Do you mean Bowfin, which is a native freshwater fish?


----------



## Coldfire (Aug 20, 2003)

Mohawk 1 said:


> I know that I have seen a Wolfish at the LFS. Not sure about the other.


Do you mean Bowfin, which is a native freshwater fish?
[/quote]

Are you asking me if I have seen a Bowfin, or whether the original post meant to say Bowfin?


----------



## GoriLLaFromDaMisT (Aug 15, 2006)

Im askin if any of you know how much $$ they are and if i can get them at my lfs and if possible do you guys know how big do they grow and wat they eat ect...


----------



## fire-keeper (Feb 12, 2006)

One of the areas lfs currently has a 5"-6" wolf fish for $32.99 Unaware of what particlar species it is. Pretty unusual for them to have it, they have mostly have community and saltwater fish.


----------



## fire-keeper (Feb 12, 2006)

Depending on species of wolf fish they can get up to 14". Here is a link to a species profile for a common wolf. The Common Wolf Fish


----------



## Winkyee (Feb 17, 2003)

I'd like to get a bowfin, they are very cool looking fish.
I've seen them caught around here on hook and line.


----------



## GoriLLaFromDaMisT (Aug 15, 2006)

are either of these fish known to be any where near as aggressive as the snakehead?


----------



## colt (Apr 16, 2006)

Wesley said:


> are either of these fish known to be any where near as aggressive as the snakehead?

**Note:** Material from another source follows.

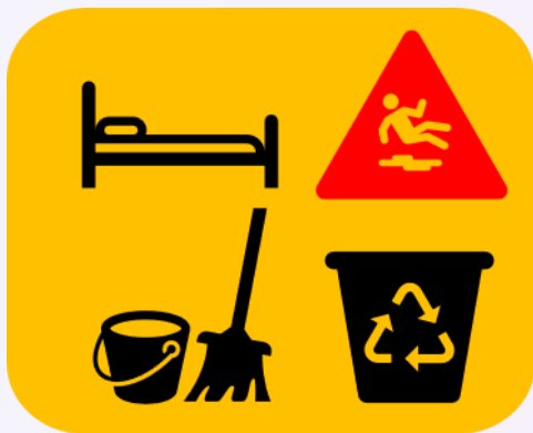
Pisos mojados o deslizantes Camas sin freno o elevadas

Maybe this topic should be moved









I've kept bowfin before, I'd say it is pretty aggressive...it ate every live fish I put in there, I dunno if they are territorial because he just ate his tankmates and I never put a fish in there that was the same size as him.

I know at breeding time males are pretty aggressive. I was out scuba diving/fishing and thought I saw a plain old catfish(murky water lol) I reached out with a net and got nailed in the face...no cuts or bruises, I went to catch him and he tore right through the net...realised he had babies so I left the fish alone.


----------



## mass aggression (Apr 13, 2006)

fire-keeper said:


> Depending on species of wolf fish they can get up to 14". Here is a link to a species profile for a common wolf. The Common Wolf Fish


wolfs can exceed 2 feet they are very simliar to the snakehead (channa) they breath air and they are viscious predators, they are dubbed the mud tetra, or aka piranha killer, this in the wild is what thier diet mainly consist off, they are very very hardy speci they can live in the worse condiotions and also very very moist mud with little water, dry season, they are an incredible fish to own, especially if your big into predatory fish.

i have not heard of the other fish you mentioned. i import wolfs from South America and usually they are about 20$ at 6" from me, i do not have any now though







sold my last 9" hoplias for $50, and boy are they happy they made that purchase!

nate


----------



## GoriLLaFromDaMisT (Aug 15, 2006)

dangit ....I cant get either of these fish at my lfs i live in columbus ohio if that helps......


----------



## Mohawk 1 (May 13, 2005)

Wesley said:


> are either of these fish known to be any where near as aggressive as the snakehead?




Try this site *************** Edited out by JP. Links to non-paying sponsors are not allowed according to Forum Rules in respect to our paying sponsors.

Also this is not _Piranha Discussion_ so off you go to _General Discussion_.


----------